───── EXERCISE DATA

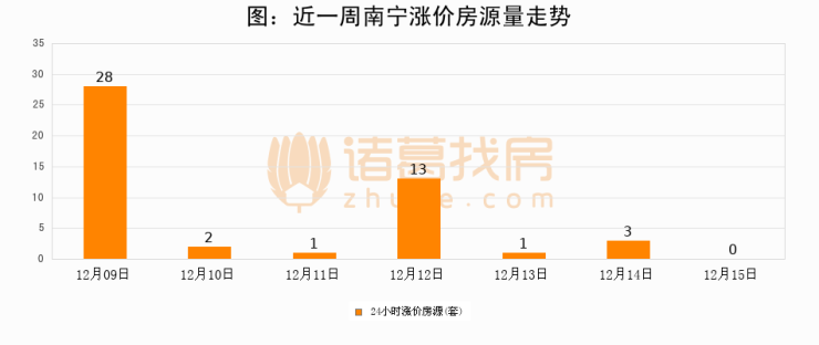 根据诸葛找房数据显示,南宁24小时涨价房源量为0套,较12月14日减少3套,环比下降100%。与此同时,涨价房源占比小幅回落,对于购房者来说是一个入市窗口期,购房者可抓住时机入市。
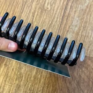 One Wild Fable two tone claw hair clip. Black in color on one side, with silver in color glitter on the opposite side. Apparent plastic for the most part.
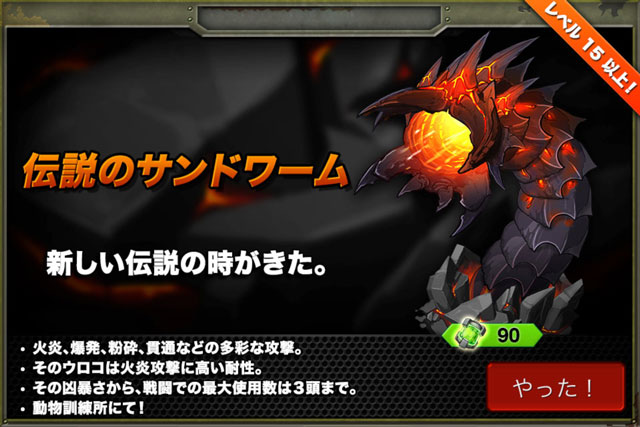 期間限定兵レビュー 2015/01/23 伝説のサンドワーム 個人的にずっと待ち望んでいた伝説のサンドワームが登場しました。 ■長所:・総合的にステータスが高い・従来の伝説シリーズ通り、4種類の攻撃が可能・耐久性が非常に高く、装甲は炎攻撃に対して0倍■短所:・消費ナノポッドが高い(そのぶん強いけど)・氷系の攻撃に弱く、凍結耐性を持たないコメント:久しぶりの、ノーマッド以来の強力な期間限定ユニットです。価格は高いのですが、是非買う事をオススメします!ファランクスを超える体力にはビックリですね。PVPで対戦相手としてこのユニットを見かけた場合の対策は凍らせて叩くというのが一番効率的なのかな。
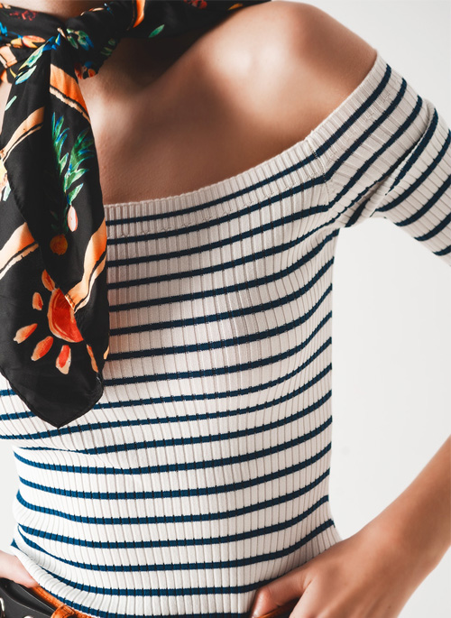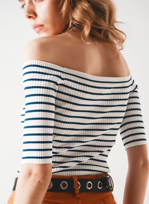 NEW STRIPE BARDOT TOP IN NAVY Details: 55% Viscose 45% Polyamide. Model is wearing size S. Model is: 33-23-35 Height: 5'10''. Runs true to size. Bodycon Fit. Style Nº: 5281017.

──────────

# THE PROBLEM
Locate "期間限定兵レビュー 2015/01/23 伝説のサンドワーム" in the listing above, then print exactly the lines from that line through the final one, omitting all pictures.

# ANSWER FOR THE TASK
 期間限定兵レビュー 2015/01/23 伝説のサンドワーム 個人的にずっと待ち望んでいた伝説のサンドワームが登場しました。 ■長所:・総合的にステータスが高い・従来の伝説シリーズ通り、4種類の攻撃が可能・耐久性が非常に高く、装甲は炎攻撃に対して0倍■短所:・消費ナノポッドが高い(そのぶん強いけど)・氷系の攻撃に弱く、凍結耐性を持たないコメント:久しぶりの、ノーマッド以来の強力な期間限定ユニットです。価格は高いのですが、是非買う事をオススメします!ファランクスを超える体力にはビックリですね。PVPで対戦相手としてこのユニットを見かけた場合の対策は凍らせて叩くというのが一番効率的なのかな。
 NEW STRIPE BARDOT TOP IN NAVY Details: 55% Viscose 45% Polyamide. Model is wearing size S. Model is: 33-23-35 Height: 5'10''. Runs true to size. Bodycon Fit. Style Nº: 5281017.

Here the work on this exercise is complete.